— Exercise requirements —
Given these entries, repeat exactly the lines starting with the one that has "This timeless floral" and going on through the one that has "2359# Elegant Extra", both included, but none of the pictures.

— Information given —
§
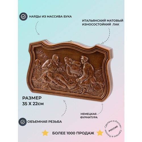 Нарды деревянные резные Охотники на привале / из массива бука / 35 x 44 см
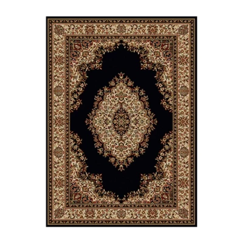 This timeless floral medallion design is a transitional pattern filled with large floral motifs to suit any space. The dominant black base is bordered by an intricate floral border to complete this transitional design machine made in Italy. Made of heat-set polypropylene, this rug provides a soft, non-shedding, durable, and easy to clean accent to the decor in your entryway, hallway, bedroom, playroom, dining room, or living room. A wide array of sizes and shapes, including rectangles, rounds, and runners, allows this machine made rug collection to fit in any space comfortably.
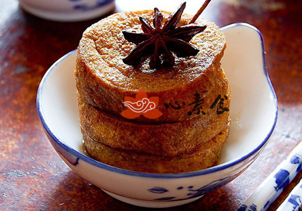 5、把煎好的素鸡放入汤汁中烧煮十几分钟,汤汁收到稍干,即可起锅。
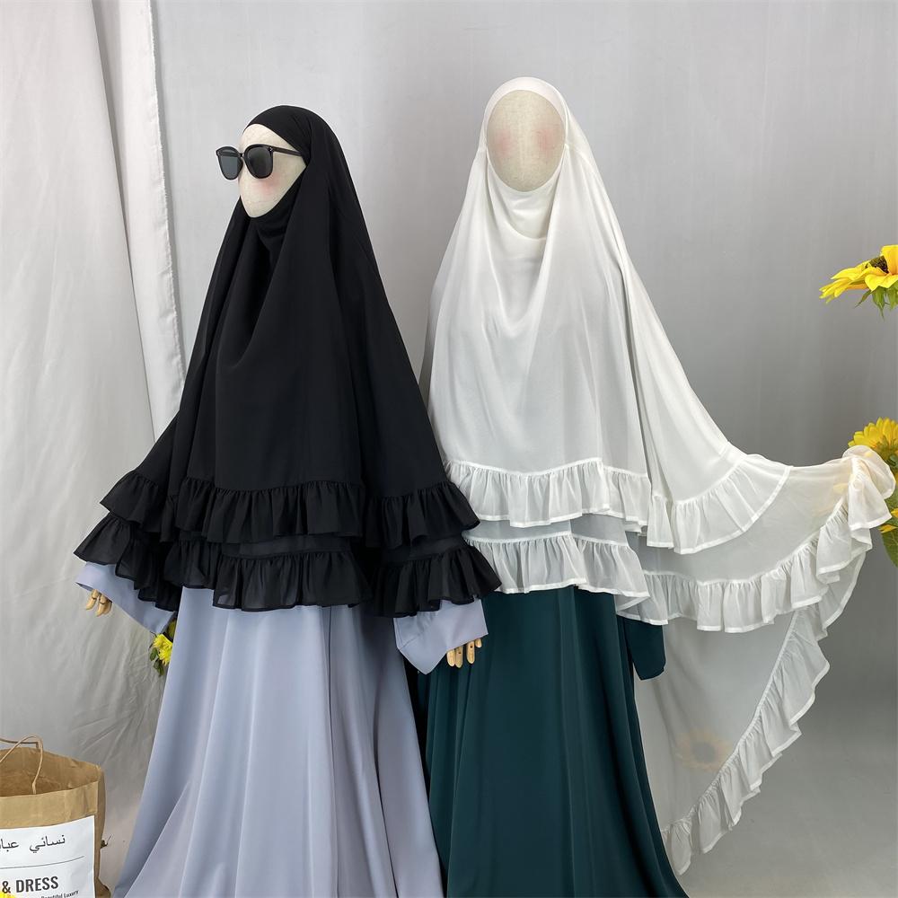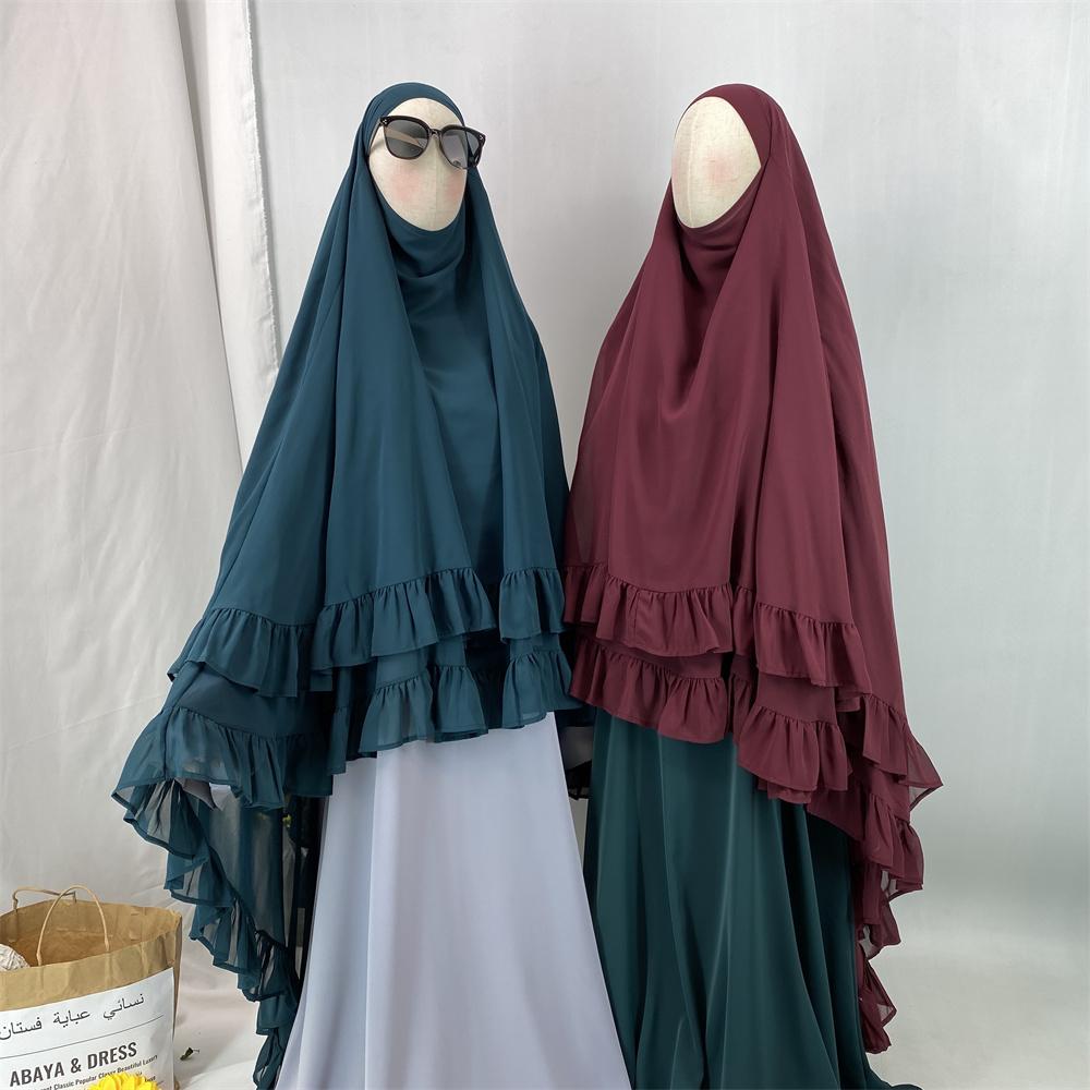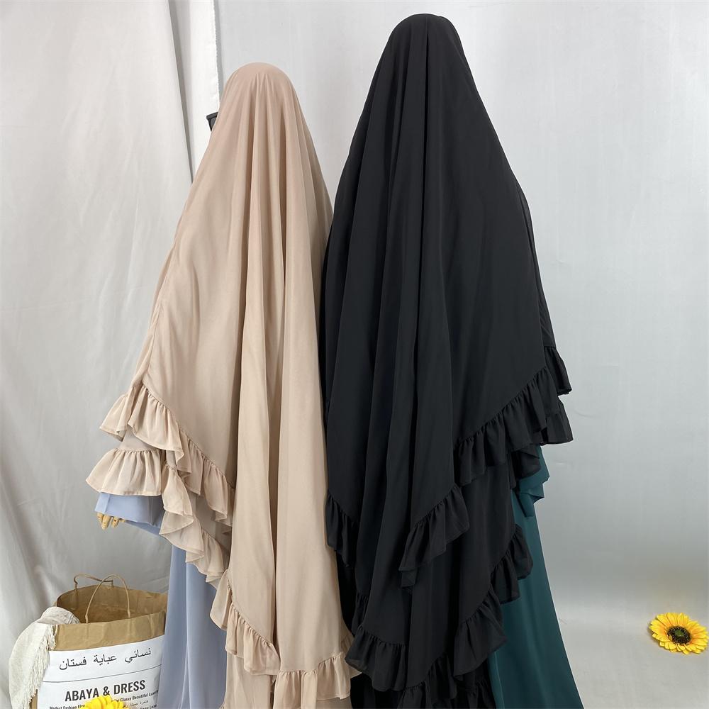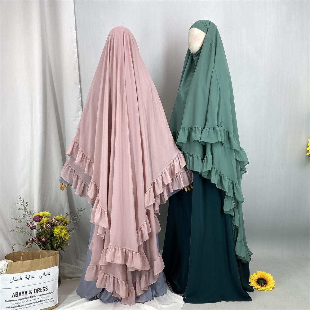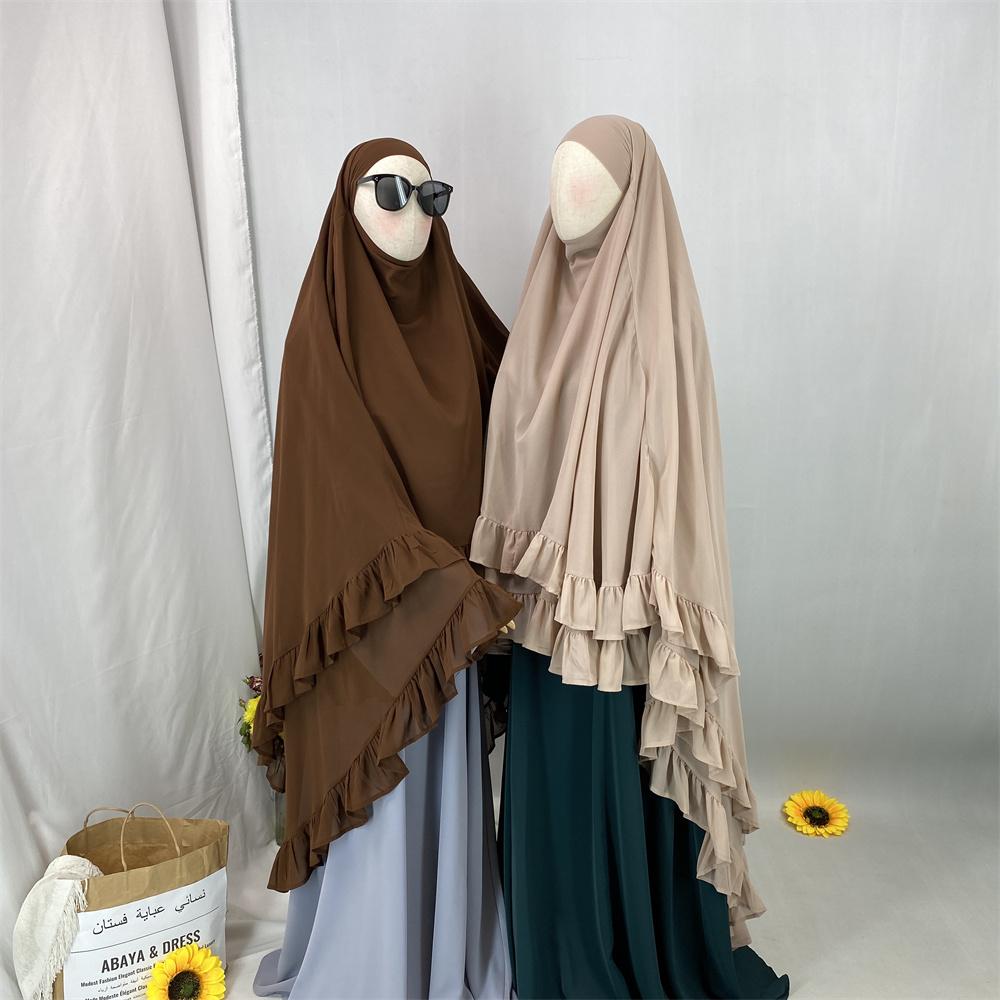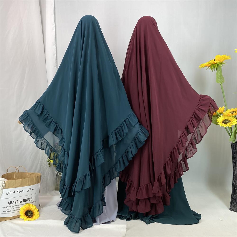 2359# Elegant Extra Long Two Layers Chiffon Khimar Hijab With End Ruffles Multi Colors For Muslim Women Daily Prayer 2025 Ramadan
§
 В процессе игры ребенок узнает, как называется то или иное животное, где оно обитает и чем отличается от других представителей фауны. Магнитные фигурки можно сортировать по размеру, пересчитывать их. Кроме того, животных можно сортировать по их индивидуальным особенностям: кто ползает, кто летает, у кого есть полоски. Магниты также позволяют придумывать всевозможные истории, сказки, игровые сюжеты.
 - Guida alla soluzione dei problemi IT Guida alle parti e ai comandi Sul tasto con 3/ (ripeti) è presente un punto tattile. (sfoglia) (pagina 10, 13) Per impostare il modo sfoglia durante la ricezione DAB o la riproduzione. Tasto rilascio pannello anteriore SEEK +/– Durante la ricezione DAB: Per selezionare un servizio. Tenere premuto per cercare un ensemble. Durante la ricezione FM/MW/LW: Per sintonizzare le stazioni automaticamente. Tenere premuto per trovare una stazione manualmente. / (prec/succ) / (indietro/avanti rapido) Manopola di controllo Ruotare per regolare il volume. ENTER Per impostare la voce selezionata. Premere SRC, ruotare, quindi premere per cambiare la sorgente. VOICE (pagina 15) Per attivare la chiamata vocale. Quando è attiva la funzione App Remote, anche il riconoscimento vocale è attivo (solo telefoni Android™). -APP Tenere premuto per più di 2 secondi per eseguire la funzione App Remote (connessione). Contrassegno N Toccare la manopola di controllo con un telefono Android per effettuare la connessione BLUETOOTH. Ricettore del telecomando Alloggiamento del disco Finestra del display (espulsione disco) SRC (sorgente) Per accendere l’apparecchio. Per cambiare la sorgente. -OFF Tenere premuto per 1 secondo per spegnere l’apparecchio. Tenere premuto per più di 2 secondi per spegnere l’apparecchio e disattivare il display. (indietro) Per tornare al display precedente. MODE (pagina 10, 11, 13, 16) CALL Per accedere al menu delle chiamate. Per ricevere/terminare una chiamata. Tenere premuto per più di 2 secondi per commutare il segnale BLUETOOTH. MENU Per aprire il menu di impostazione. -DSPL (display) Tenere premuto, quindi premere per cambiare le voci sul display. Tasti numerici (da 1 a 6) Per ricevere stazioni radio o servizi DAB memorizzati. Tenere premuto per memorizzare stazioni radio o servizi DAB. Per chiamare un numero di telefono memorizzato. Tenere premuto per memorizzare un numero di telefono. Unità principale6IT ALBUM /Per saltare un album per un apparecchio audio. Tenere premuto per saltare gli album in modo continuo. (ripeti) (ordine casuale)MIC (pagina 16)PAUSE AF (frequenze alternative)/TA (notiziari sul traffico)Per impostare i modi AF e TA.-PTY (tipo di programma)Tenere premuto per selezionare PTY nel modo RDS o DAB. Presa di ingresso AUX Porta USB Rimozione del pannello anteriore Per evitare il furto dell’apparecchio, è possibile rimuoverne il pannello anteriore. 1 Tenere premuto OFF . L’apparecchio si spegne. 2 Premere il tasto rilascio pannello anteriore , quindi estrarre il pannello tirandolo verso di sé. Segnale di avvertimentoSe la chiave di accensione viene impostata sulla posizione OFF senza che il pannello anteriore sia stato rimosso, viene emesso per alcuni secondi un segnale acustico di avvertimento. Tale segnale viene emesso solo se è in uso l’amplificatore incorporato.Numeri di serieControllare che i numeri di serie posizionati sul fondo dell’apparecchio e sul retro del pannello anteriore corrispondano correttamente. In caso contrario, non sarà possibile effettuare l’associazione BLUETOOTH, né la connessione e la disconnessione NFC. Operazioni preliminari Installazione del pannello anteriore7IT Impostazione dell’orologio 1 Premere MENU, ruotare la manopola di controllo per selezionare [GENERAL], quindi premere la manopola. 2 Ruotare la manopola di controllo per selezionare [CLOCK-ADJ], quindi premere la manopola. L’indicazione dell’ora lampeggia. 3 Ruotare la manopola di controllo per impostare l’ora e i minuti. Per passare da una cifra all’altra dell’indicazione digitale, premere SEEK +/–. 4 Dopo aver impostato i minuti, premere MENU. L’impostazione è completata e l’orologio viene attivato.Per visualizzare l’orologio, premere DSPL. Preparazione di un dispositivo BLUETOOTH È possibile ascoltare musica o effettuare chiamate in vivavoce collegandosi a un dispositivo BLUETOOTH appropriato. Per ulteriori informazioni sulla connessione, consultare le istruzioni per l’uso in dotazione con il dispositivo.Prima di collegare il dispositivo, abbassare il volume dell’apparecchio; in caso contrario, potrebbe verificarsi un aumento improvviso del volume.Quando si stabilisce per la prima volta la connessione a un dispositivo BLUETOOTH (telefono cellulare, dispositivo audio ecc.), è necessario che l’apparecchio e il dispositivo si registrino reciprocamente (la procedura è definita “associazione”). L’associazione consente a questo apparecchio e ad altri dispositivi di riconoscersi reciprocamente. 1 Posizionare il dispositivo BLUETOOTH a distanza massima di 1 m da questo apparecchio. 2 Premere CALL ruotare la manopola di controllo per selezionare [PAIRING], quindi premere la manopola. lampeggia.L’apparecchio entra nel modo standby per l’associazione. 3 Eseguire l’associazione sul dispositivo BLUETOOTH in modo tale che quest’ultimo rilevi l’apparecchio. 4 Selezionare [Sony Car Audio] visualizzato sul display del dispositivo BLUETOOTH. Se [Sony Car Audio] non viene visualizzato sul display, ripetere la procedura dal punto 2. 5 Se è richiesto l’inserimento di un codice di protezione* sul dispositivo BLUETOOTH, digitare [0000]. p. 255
§
— Answer to this exercise —
 This timeless floral medallion design is a transitional pattern filled with large floral motifs to suit any space. The dominant black base is bordered by an intricate floral border to complete this transitional design machine made in Italy. Made of heat-set polypropylene, this rug provides a soft, non-shedding, durable, and easy to clean accent to the decor in your entryway, hallway, bedroom, playroom, dining room, or living room. A wide array of sizes and shapes, including rectangles, rounds, and runners, allows this machine made rug collection to fit in any space comfortably.
 5、把煎好的素鸡放入汤汁中烧煮十几分钟,汤汁收到稍干,即可起锅。
 2359# Elegant Extra Long Two Layers Chiffon Khimar Hijab With End Ruffles Multi Colors For Muslim Women Daily Prayer 2025 Ramadan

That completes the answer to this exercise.